All too often, websites which used to work fast and perhaps a little dirty, get redesigned to remove the dirt but in the process their practicality is completely ruined. Form is allowed to intrude into function to the detriment of the inner workings of sites.
Digital Vault
A classic example of a good web site ruined is BT’s Digital Vault. It has been running very successfully since last year, providing free on-line storage for BT’s Internet customers and a smaller free space for ‘outsiders’. We grabbed at 2GB each when it was made available just before last Christmas and have used the space for large file transfers since then. As BT provide our Broadband Max service, albeit wholesale through a third party, our speeds to and from Digital Vault were just about the maximum our line could give. Up to 7MB down and more importantly 86KBps up. The up-speed being 50% faster than our first ADSL line of a few years ago.
It meant we could happily bung up to a gigabyte at a time onto our Digital Vaults for clients to collect and the whole process took a couple of hours or so. Then BT redesigned the site.
Sunday morning at 7am, I tried to put 860MB into my Digital Vault. Where once the upload speed would have jumped straight to maximum and stayed there, the upload started to trickle through the wires at a miserable 40KBps. Okay, I thought, it’s a slow starter, we’ll leave it for 15 minutes and see if it gets better. Not a chance! And typical of the new improved Digital Vault.
Apple’s iDisk
Instead of waiting the 9 or so hours the upload was estimated to take, I sent it into my iDisk over the Atlantic at Apple’s mac.com. The speed immediately maxed-out and stayed there for the 2 hour upload. Then, later, it was collected by the intended recipients in Montreal and Chicago who downloaded at the unbelievably fast connections their cable companies give them (Jealous, me? And they’ve both got iPhones…).
In the past the iDisk service has been a bit iffy but its latest update has seen it improve immeasurably. So much so, I bought another gigabyte of space (£21) and will use it as my main large-file transfer method from now on.
Throttled back?
We have a sneaking suspicion that maybe BT have deliberately throttled back the speeds for free-loaders like us but we were never extensive users, our total need never rising above 4GB per month. Apple’s on-line tools are far superior to BT’s and the iDisk Public Folder gives our clients a place to leave files for us as well. Much of Apple’s on-line tools are there to make life easy for non-technically minded users so they have simple point and click interfaces which work well. Making a download page, for example, takes moments and means the iDisk is available for Windows users too.

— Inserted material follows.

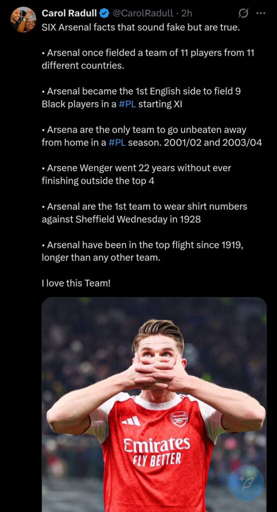 Sports journalist Carol Radull recently shared a passionate X post highlighting six Arsenal facts that “sound fake but are true,” ending with her declaration of love for the club.

We have tried running ftp servers in-house but they really need a separate computer running 24/7, especially when taking time-zone differences into account. Cheap ftp space is available from various suppliers but in our experience their service is patchy and these firms seem to come and go with a high churn rate and usually our files wth it.
For the next year, then, iDisk will be our doorway to the world. Easier to use than our web space, faster than BT’s Digital Vault and on current experience, more reliable than ftp space providers.